Михаил Горбачев: «Главное — нАчать» — страница 7 из 83

[Архив Горбачев-Фонда]


В 1992 году пост КГБ, естественно, сняли, хотя один из дежуривших на нем сотрудников вроде бы даже прижил в Привольном ребеночка. Незадолго до смерти в 1995 году Мария Пантелеевна по договору пожизненного содержания продала свой дом лидеру группы «Ласковый май» Андрею Разину. Тот объявился в Привольном в 84-м, работал по снабжению и тогда еще не был знаменит. В инстанциях по снабжению он представлялся не то племянником, не то внебрачным сыном генсека, в 92-м, по рассказам односельчан, выменивал у колхозников земельные паи на спирт, а дом Марии Пантелеевны купил для пиара, и взбешенный экс-президент, когда об этом узнал, выкупил дом обратно втридорога. Он до сих пор цел, но в нем теперь живут вообще другие люди.

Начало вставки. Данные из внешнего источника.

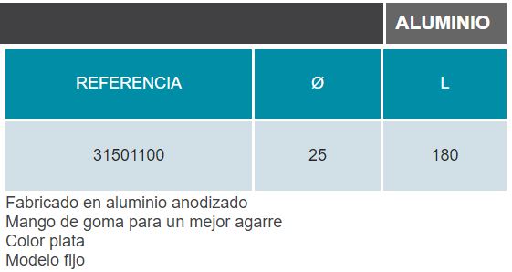 Fabricado en aluminio anodizado con Mango de goma para un mejor agarre. Color plata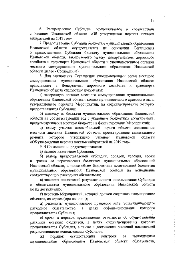 Постановление Правительства Ивановской области от 23.05.2019 N 190-п "Об утверждении Порядка предоставления и расходования субсидий из областного бюджета бюджетам муниципальных образований Ивановской области на ремонт автомобильных дорог и искусственных сооружений на них в рамках иных непрограммных мероприятий по наказам избирателей депутатам Ивановской областной Думы и Порядка предоставления и расходования субсидий из областного бюджета бюджетам муниципальных образований Ивановской области на разработку проектно-сметной документации на капитальный ремонт автомобильных дорог в рамках иных непрограммных мероприятий по наказам избирателей депутатам Ивановской областной Думы на 2019 год"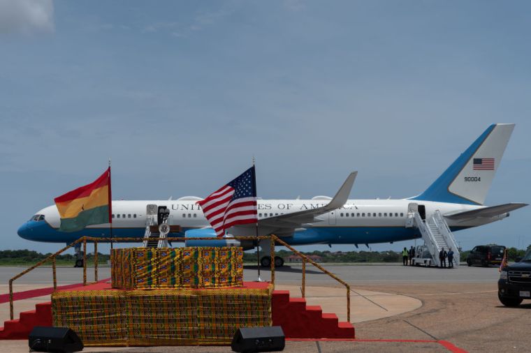 She and the second gentleman Dough Emhoff emerged from Air Force Two to the warmest of welcomes in the capital city of Accra, where officials literally rolled out the red carpet for the U.S. delegation as drummers performed alongside members of the Ghana Dance Ensemble.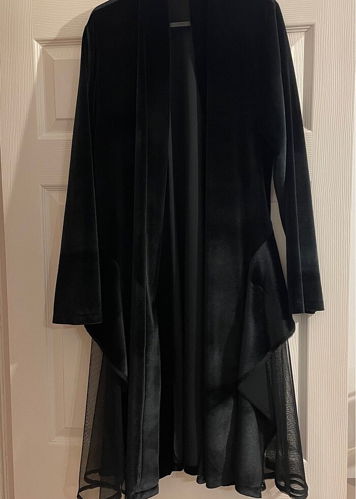 Siyah kadife şık kıyafet. Tül detayları bulunmakta. Abiye veya davet elbisesi olarak düşünebilirsiniz. Bir kez giyildi.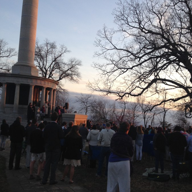 Yesterday we awoke early to attend the sunrise service at Point Park. We joined with over 300 other believers, masked and bundled in the near freezing chill, to worship our Risen Savior as the sun rose in bright splendor to our right, off the side of Lookout Mountain.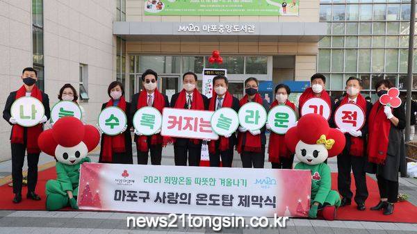 마포구(구청장 유동균)가 11일 오후 마포중앙도서관 광장에서 「2021 따뜻한 겨울나기」 사업 홍보를 위한 ‘사랑의 온도탑’ 제막식을 개최했다.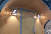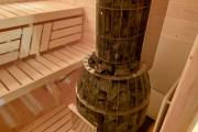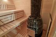 Это стандартный вариант на 2 помещения: предбанник и парная. В стоимость уже входят сборка, лектрика, светильники, покраска (Акватекс Сканди — супер краска!) и печь. О ней стоит рассказать отдельно. Эта печь нашего производства. Мы пользовались печами многих марок и досконально изучили их сильные и слабые места. Наша печь вобрала в себя всё самое лучшее, при этом она значительно дешевле — мы не делаем наценку для заказчиков бань.
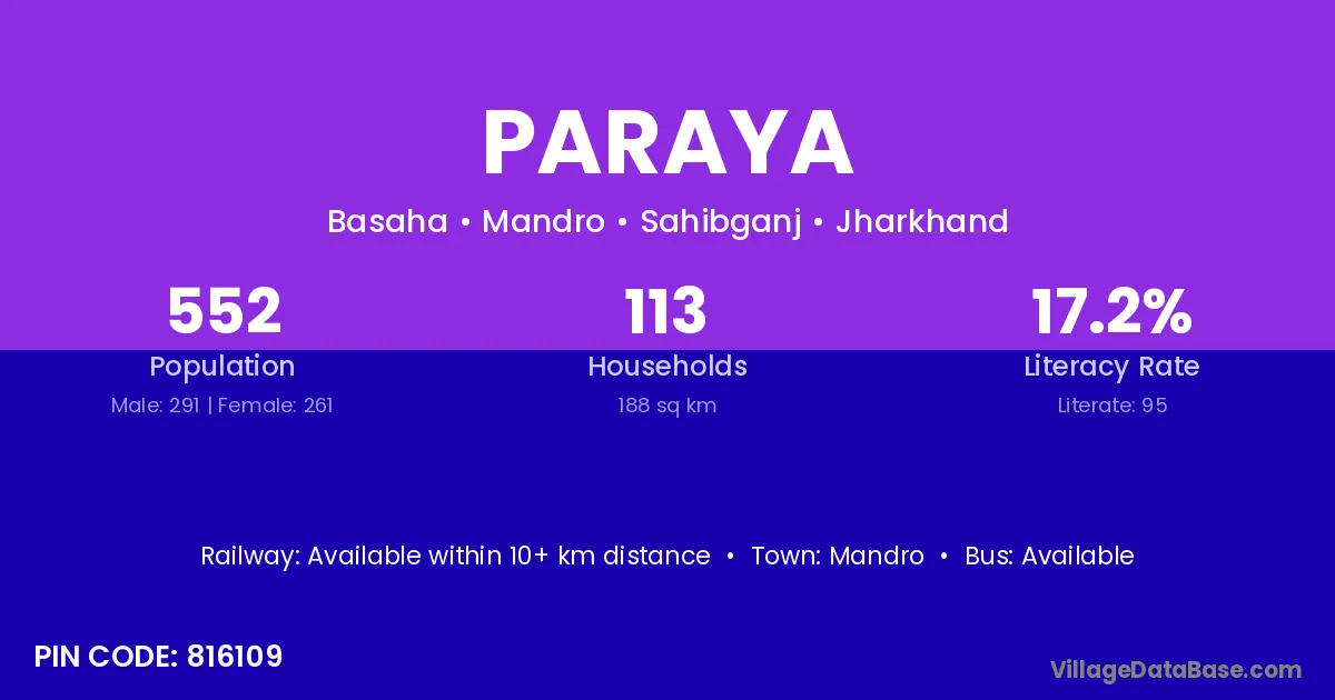 Paraya village is located in the Mandro Subdivision of the Sahibganj district in Jharkhand .

Вероятно, в 2006 году Привольное было еще особым, заповедным хронотопом, где время текло ровно, без морщин. Но оно все равно утекало, хотя и медленней, чем в Москве или в каком-нибудь сказочном Рейкьявике. Когда в последний раз Горбачев приезжал сюда в 2005-м, он вдруг попросил принести балалайку, но поиграл немного и отложил.

Какая уж тут, на фиг, балалайка! Такие места порождают слишком сложные чувства и трудные вопросы, ответа на которые ты все равно здесь не найдешь. Ведь Родина — это скорее время, чем место (говорит герой моей повести «Белая карета», посвященной событиям 2014 года).

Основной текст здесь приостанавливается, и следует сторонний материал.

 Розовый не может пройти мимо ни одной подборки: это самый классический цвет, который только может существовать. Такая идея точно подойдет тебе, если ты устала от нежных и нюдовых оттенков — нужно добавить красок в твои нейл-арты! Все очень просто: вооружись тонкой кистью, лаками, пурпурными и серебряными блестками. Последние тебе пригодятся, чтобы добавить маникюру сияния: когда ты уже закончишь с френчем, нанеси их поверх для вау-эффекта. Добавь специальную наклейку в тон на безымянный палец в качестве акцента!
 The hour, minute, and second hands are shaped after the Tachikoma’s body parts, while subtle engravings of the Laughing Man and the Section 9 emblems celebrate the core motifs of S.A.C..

Поле опыта и горизонт ожиданий

А летом 1942 года, как мы можем допустить, среди немцев, шедших через Привольное, мог быть и 17-летний доброволец Рейнхард Козеллек, которому на подступах к Сталинграду немецкий танк отдавил стопу, но позже он вернулся в строй, 9 мая 1945 года попал в плен, провел 15 месяцев в лагере под Карагандой и возвратился в Западную Германию. А летом 42-го он мог даже встретиться глазами с русским мальчиком Мишей. Один станет президентом и другом канцлера Гельмута Коля, которого в 1989-м покатает в здешней степи на комбайне, а другой — знаменитым историком, во многом изменившим самый подход к истории как мировоззрению при помощи основанной им самим науки об историках и их подходах к истории — «историки».

(Ахтунг! Тут, возможно, придется напрячься и перечитать два или три раза.)

История, считает Козеллек, сама по себе не имеет цели или направления, но в ней заметны повторения, что позволяет привносить в нее смыслы. «Наука об опыте», каковой является история, оперирует оппозиционными парами: «до и после», «вверху и внизу» (раб — господин), «внутри и снаружи» (друг — враг) и т. д. Но эти оппозиции могут меняться местами: враги становятся друзьями и наоборот, «кто был ничем, тот станет всем», и даже представления о «до и после» могут растворяться в ощущении неизменности («застоя»). Однако, поняв, что именно повторяется, можно распознать в очередном новое, и тогда в бесконечном возвращении к прежнему возникают разрывы, а у людей появляется возможность действовать осознанно, в частности, советским людям такую возможность дала перестройка.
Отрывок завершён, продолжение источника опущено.